The Sandbox is a personal documentary photography project that started developing during my critical design studies in Eindhoven, as a counterweight to the overly restrictive and stress-heavy institutional frame of design education.
In early 2020 I had started taking walks as a way to improve my mental heatlh during a chaotic period in my life. To keep myself engaged and motivated to walk, I started documenting the curious phenomena I encountered on my paths with my phone camera, a sort of exercise in looking, a game. Once I became attentive, the weird was everywhere.
The boring, prosaic, mundane surroundings of my hometown became full of absurdity and a source of awe. Organically, such documentation of curious details became an intuitive methodology that I began to call banalism; expressive documentary photography of the everyday. Surprisingly democratic, it followed my move to the Netherlands, where it became a way of coping with feeling of estrangement in a foreign enviroment, as well as a way of interpreting it and making it mine.

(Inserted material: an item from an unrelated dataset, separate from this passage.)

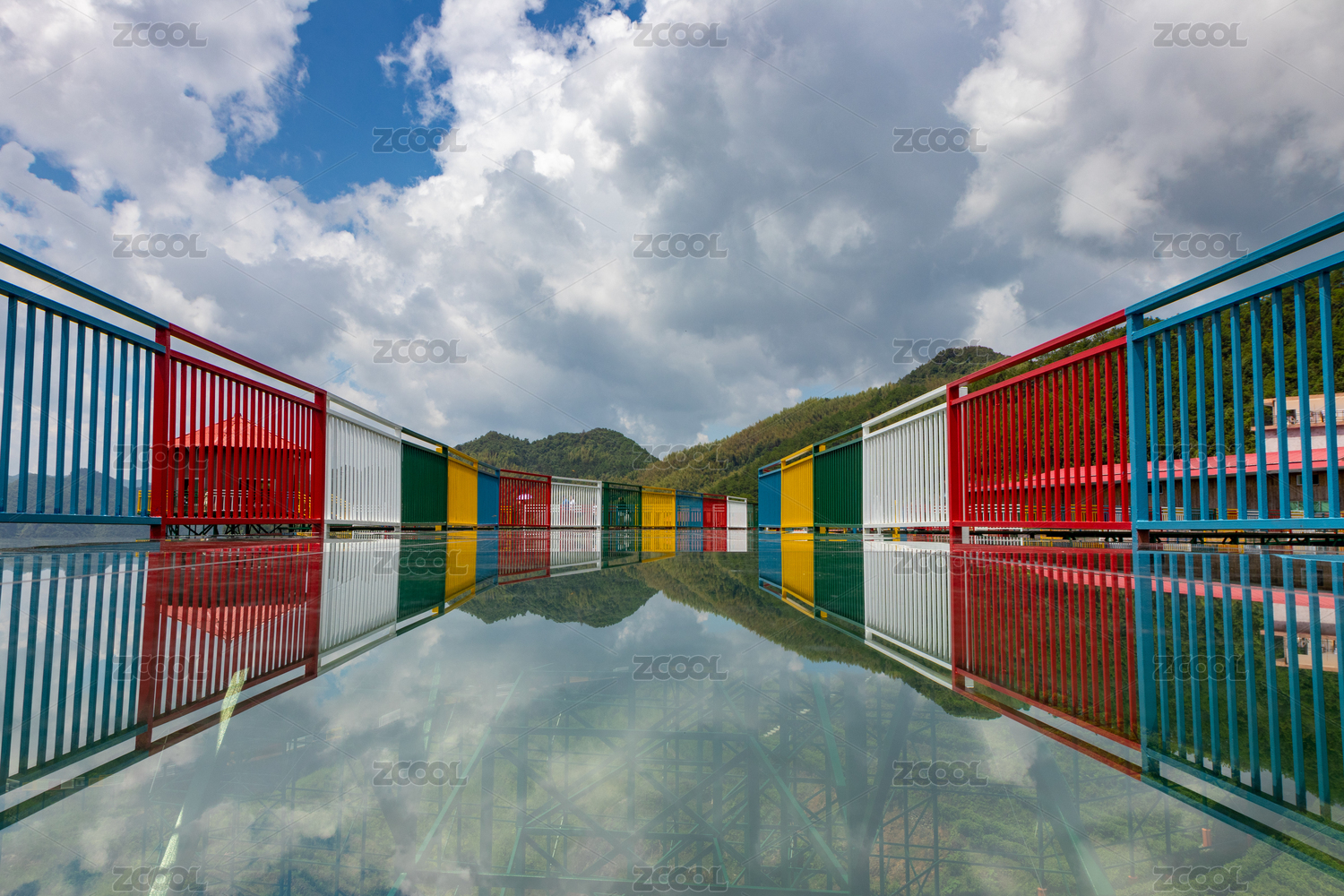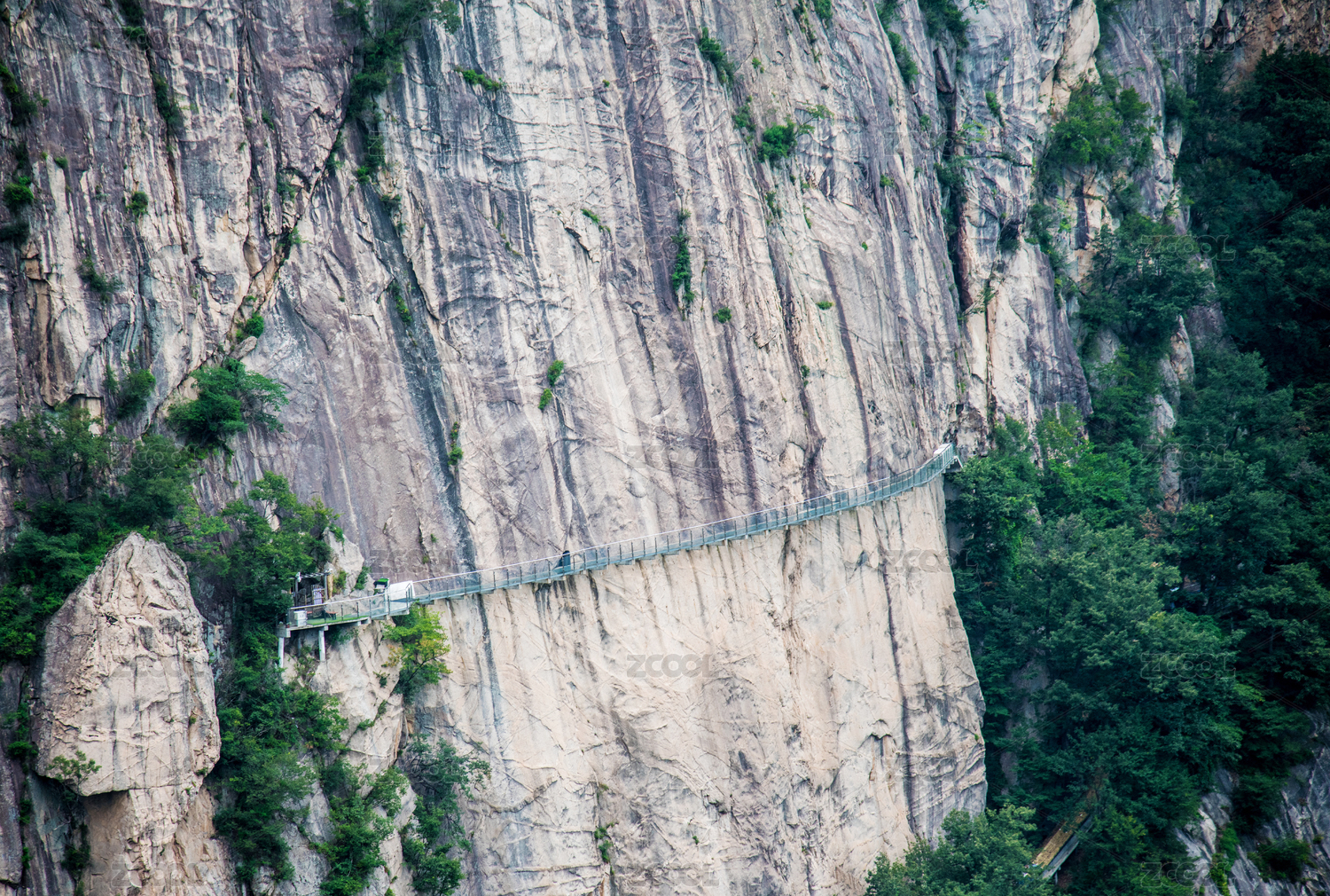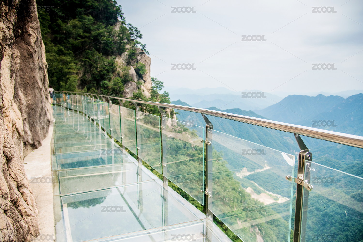 郊區(qū)風(fēng)景區(qū)峭壁上的玻璃棧道風(fēng)景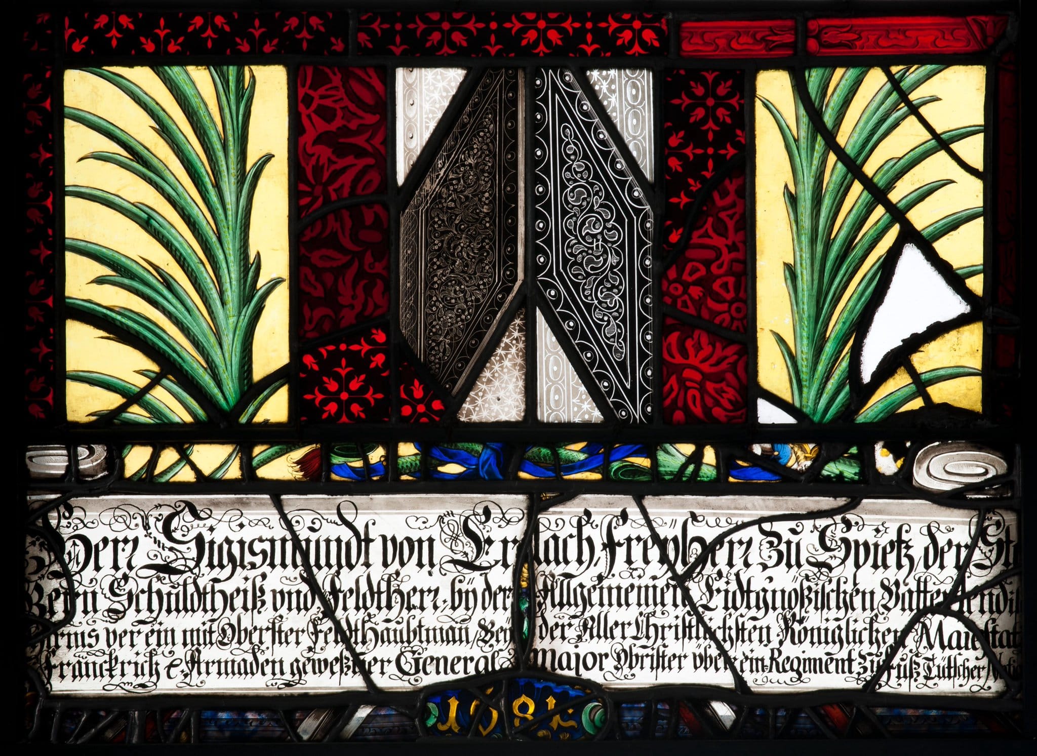 Die Scheibe vereint Fragmente einer Wappenstiftung des Sigmund von Erlach. Darin enthaltene originale Stücke sind vermutlich die Inschrift sowie Teile des Wappens und des Palmwedelkranzes. Eine ungefähre Vorstellung vom ursprünglichen Aussehen der Scheibe gibt das 1681 von Sigmund von Erlach in die Kirche Steffisburg gestiftete Glasgemälde.

Eventually, the phone was upgraded to a camera which added a layer of formal exploration and experimentation to purely spontaneous and momentary encounters, largely determined by default technology settings. Furthermore, I became increasingly interested in capturing more dynamic aspects of my daily life; the people around me, our movements, activities, gestures - with the same curious gaze that tends to be stimulated by the absurd.
Out of fascination with what’s around and the need to document it a project started coming together; fragmented, eclectic, weird and honest. Like a sandbox, seemingly basic yet brimming with boundless potential, it’s following me organically, helping me to develop a visual language and evolve my photographic practice.